> [Exercise data]
==========

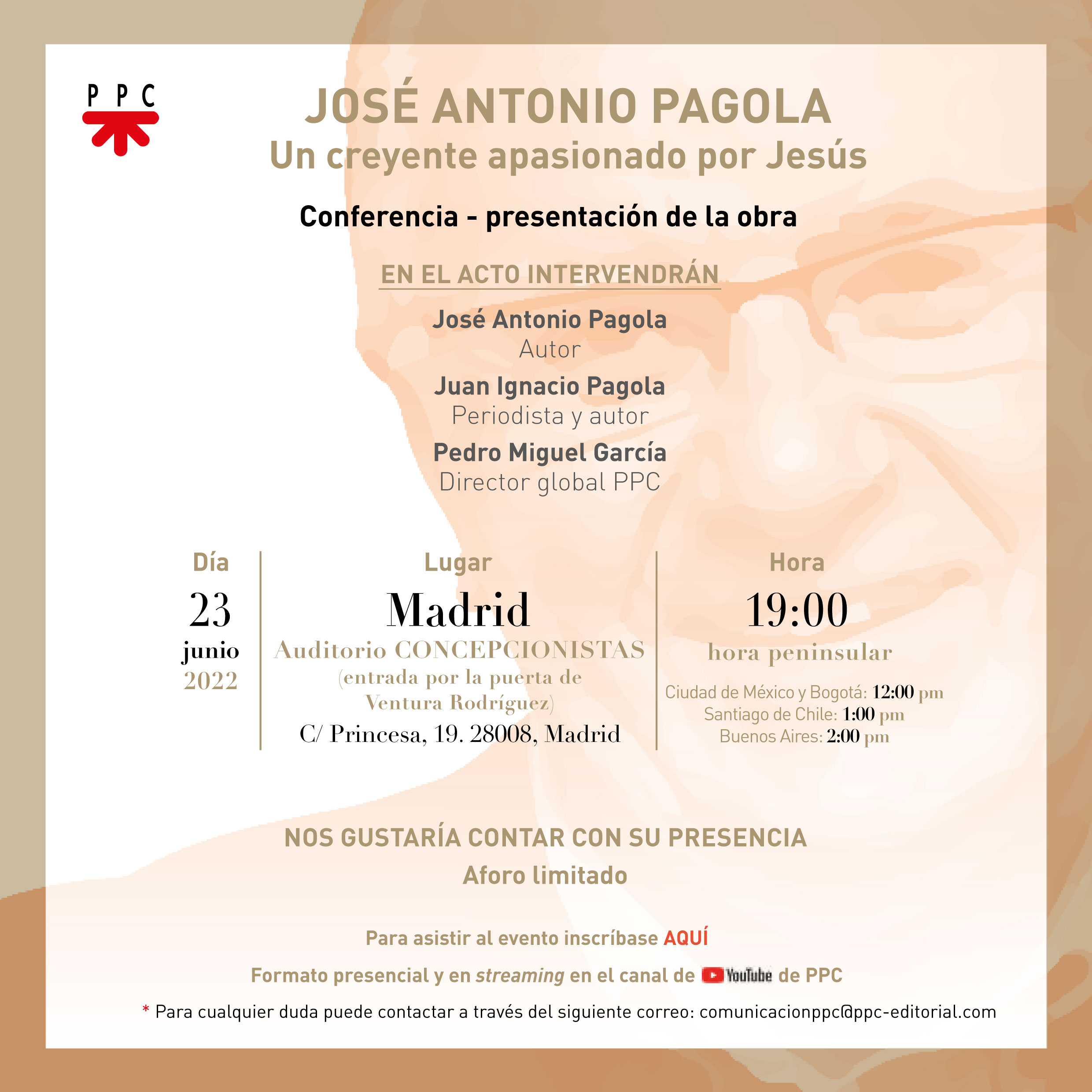 PPC Editorial presentará el próximo jueves, 23 de junio de 2022, su último libro: ‘José Antonio Pagola. Un creyente apasionado por Jesús‘, una conversación entre el teólogo y el periodista Juan Ignacio Pagola. Ambos estarán acompañados por el director global de PPC, Pedro Miguel García.
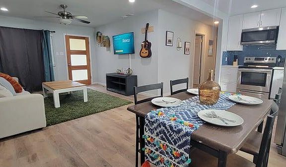 Location, location, location Gorgeous fully furnished 3 bedrooms and 2 baths with a 4th bedroom or study. The Master bedroom is huge with a walk-in closet. Completely renovated home from top to bottom. Over $90,000 in renovations. Tenant will have their own private patio and a paved on-site driveway. Updated stainless steel appliances. Owner pays for landscaping. Renter is responsible for water, gas, and electricity. Last month's rent is due at signing. No smoking allowed. Up to two small pets are permitted.
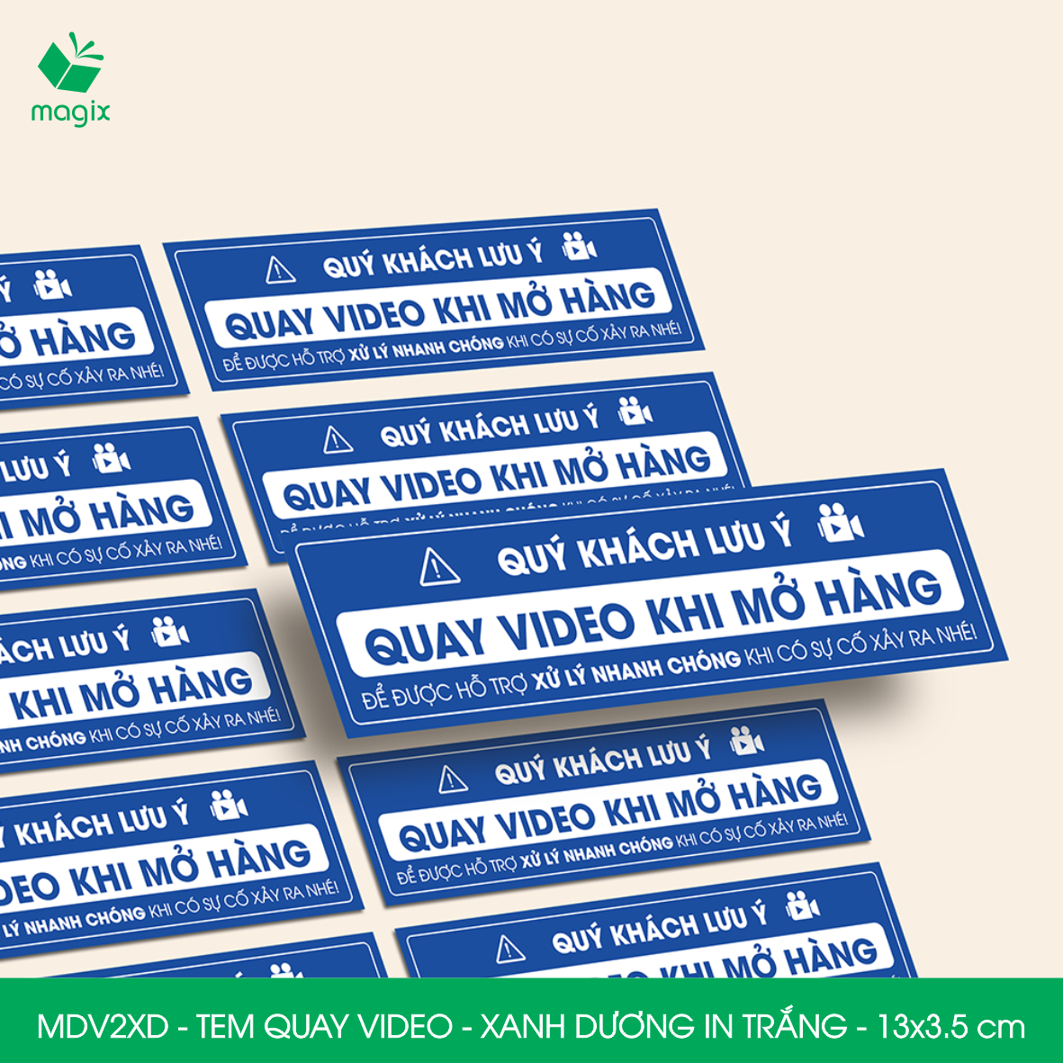 ✨50 Tem chú ý quay video trước khi mở hàng, decal dán hộp - 13x3,5 cm - Xanh dương in trắng - MDV2XD
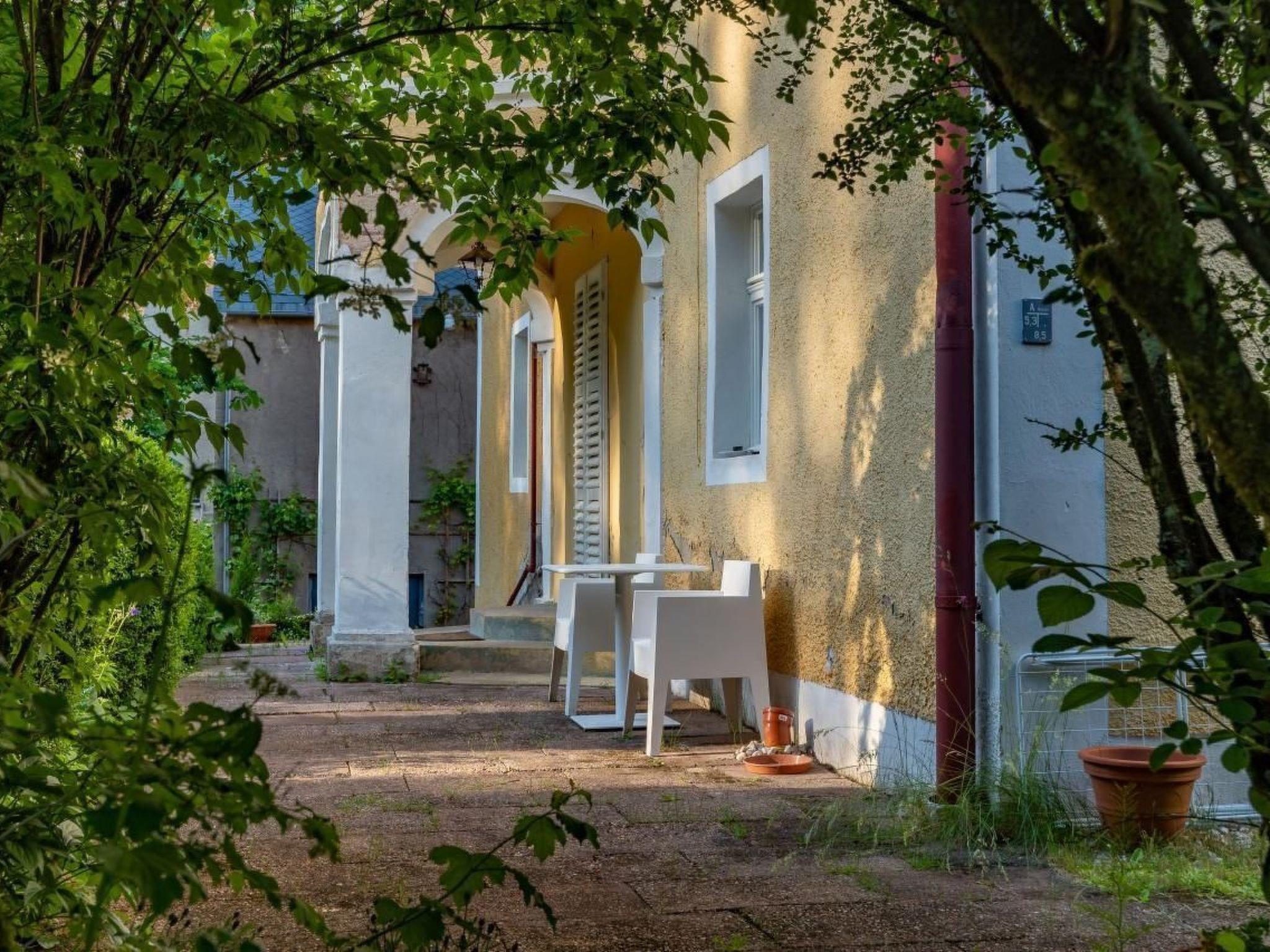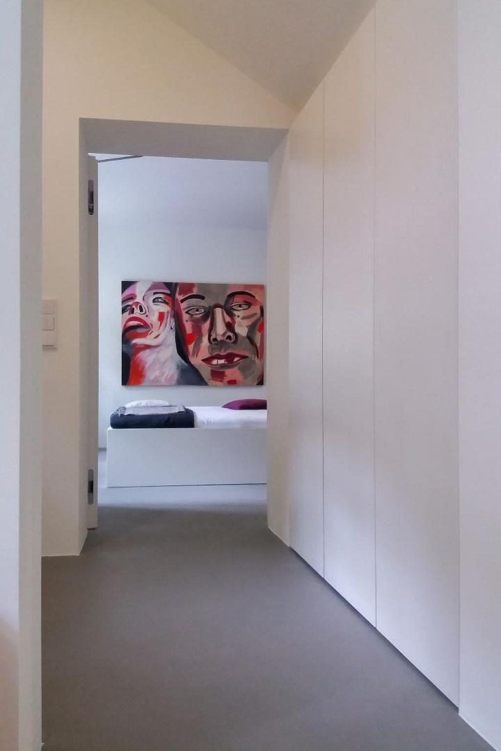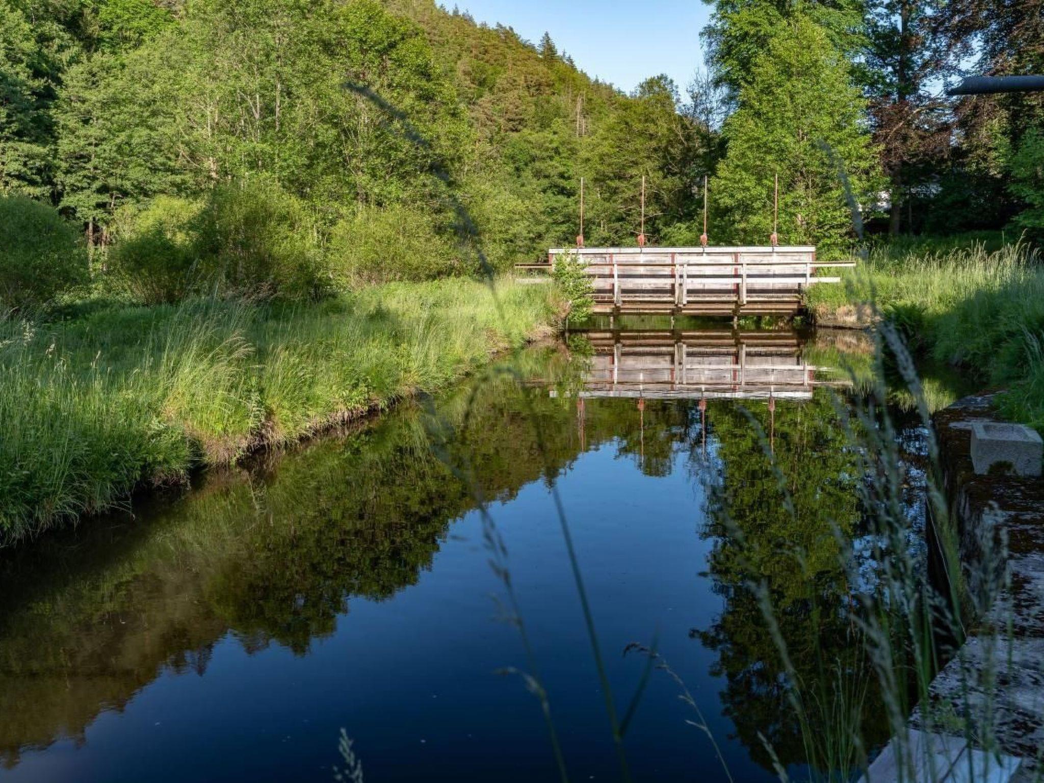Time out in Mittermurnthal - MODERN - MINIMALIST .... Guests at the Mittermurnthal holiday flat in the Upper Palatinate Forest Nature Park can expect an exciting setting of green parkland, industrial relics and minimalist design. The flat is surrounded by meadows and forests on the site of a former glass grinding and polishing works directly on the Schwarzach river in the wildly romantic Murnthal. The region used to be an important location for glass grinding, an industry that has long since died out. Today you can enjoy peace and nature here. Hikers, cyclists, anglers and nature lovers come here to enjoy their sporting activities. The listed property is a three-sided complex consisting of a residential building from 1913, a former glass warehouse and a former foreman's building. The 100 square metre holiday flat on the ground floor of the villa is accessed via a wooden staircase from the courtyard. The comfortable furnishings and the purist, straightforward interior design contrast with the morbid charm of the exterior. We have renovated a spacious, luxurious holiday flat for two people on the ground floor of the historic villa. The interior of the listed building has been furnished with modern design, while the exterior has retained its morbid charm.
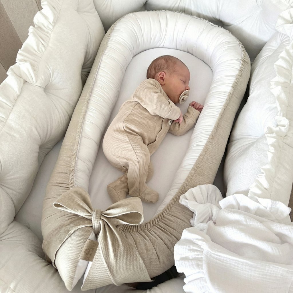 Luxusné Hniezdo pre Dievčatko – Béžová s Bielou: Bezpečie a Pohodlie pre Vaše Bábätko
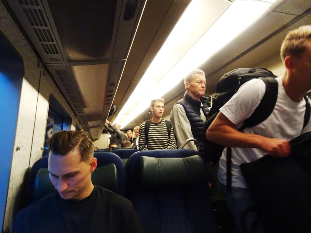 The picture on the left is the train car on the way to Sweden, the one on the right is the train car on the way back to Copehagen, the difference is quite apparent.
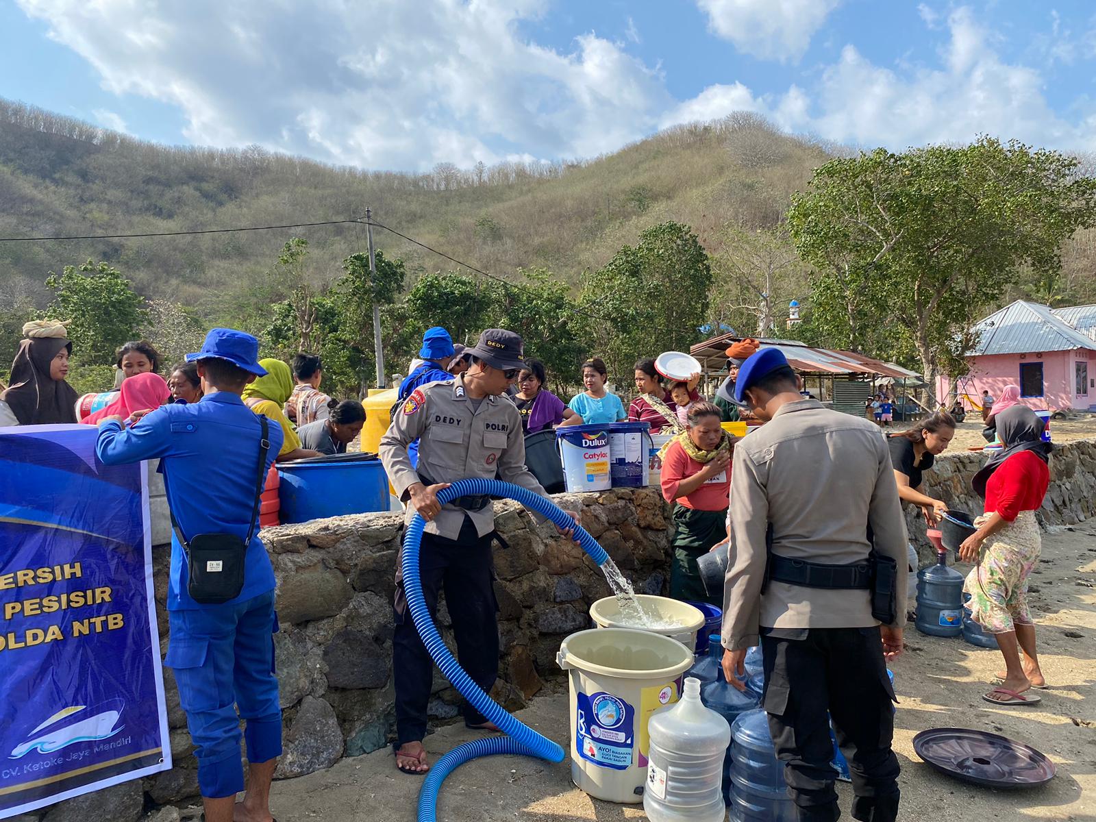 Kabid Humas Polda NTB, AKBP Mohammad Kholid, S.I.K., menjelaskan penyaluran air bersih ini sebagai langkah nyata Polairud dalam membantu masyarakat yang terdampak bencana kekeringan.
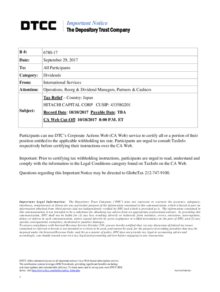 Important Notice The Depository Trust Company #:678017Date:September 29, 2017To:All ParticipantsCategory:DividendsFrom:International ServicesAttention:Operations, Reorg & Dividend Managers, Partners
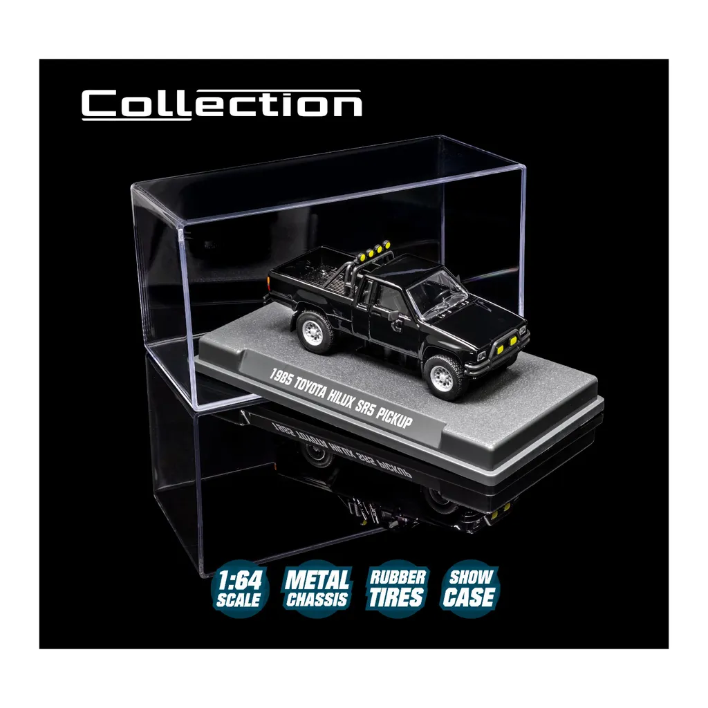 Bilen levereras stående på en svart bottenplatta med en täckande akrylbox (show case). På plattan anges modellens namn "1985 Toyota Hilux SR5 Pickup" i silver.
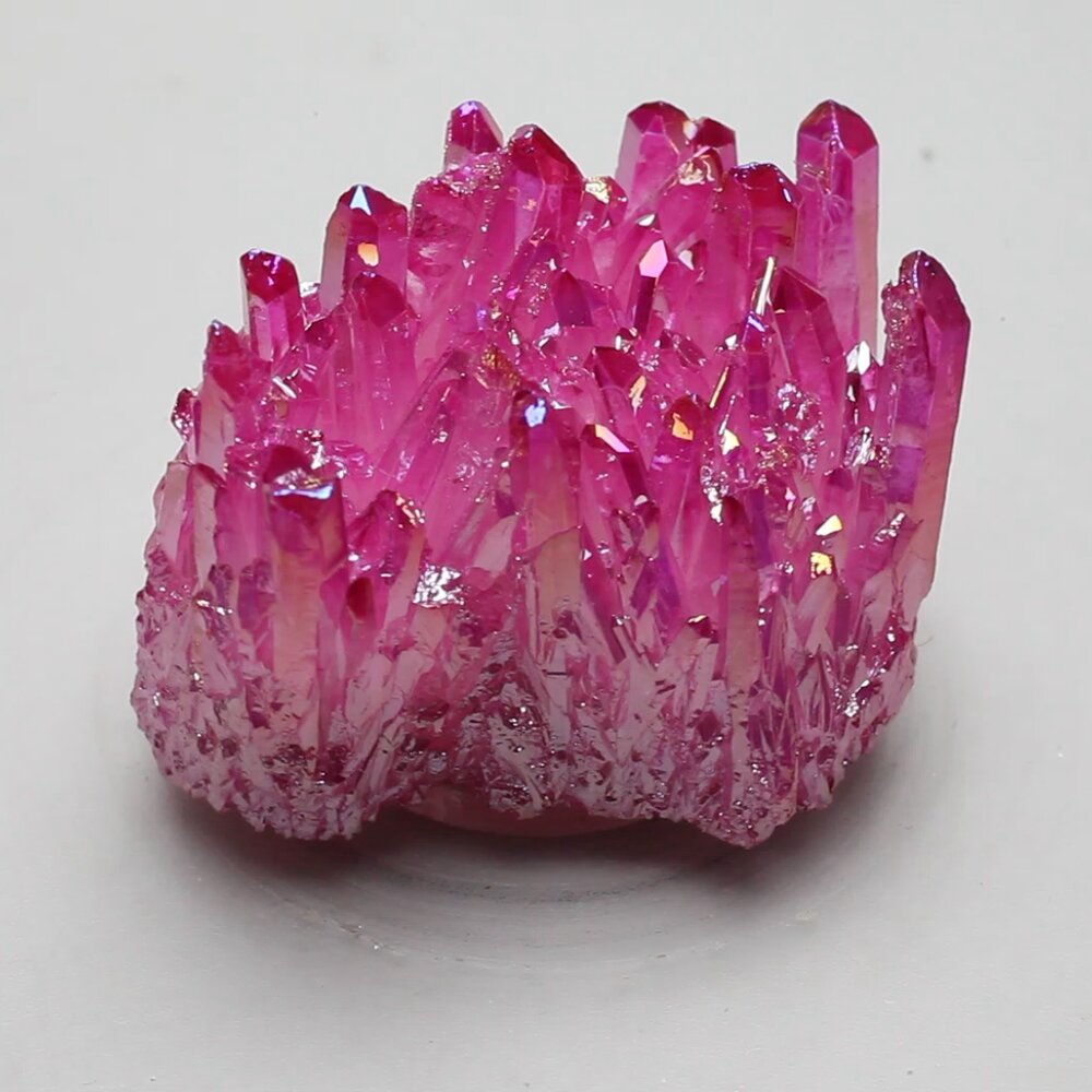 The highest quality Quartz in combination with some exotic precious metals has produced an unusual and wonderful range of Aura colours which we have named 'Ultra Aura'. The colours range from the palest lilac's through to rose pink's and vibrant greens and yellows.

==========

Find the line that has "Luxusné Hniezdo pre" in the listing, then retype it and each later line up to the last, exactly. Leave pictures out.

 Luxusné Hniezdo pre Dievčatko – Béžová s Bielou: Bezpečie a Pohodlie pre Vaše Bábätko
 The picture on the left is the train car on the way to Sweden, the one on the right is the train car on the way back to Copehagen, the difference is quite apparent.
 Kabid Humas Polda NTB, AKBP Mohammad Kholid, S.I.K., menjelaskan penyaluran air bersih ini sebagai langkah nyata Polairud dalam membantu masyarakat yang terdampak bencana kekeringan.
 Important Notice The Depository Trust Company #:678017Date:September 29, 2017To:All ParticipantsCategory:DividendsFrom:International ServicesAttention:Operations, Reorg & Dividend Managers, Partners
 Bilen levereras stående på en svart bottenplatta med en täckande akrylbox (show case). På plattan anges modellens namn "1985 Toyota Hilux SR5 Pickup" i silver.
 The highest quality Quartz in combination with some exotic precious metals has produced an unusual and wonderful range of Aura colours which we have named 'Ultra Aura'. The colours range from the palest lilac's through to rose pink's and vibrant greens and yellows.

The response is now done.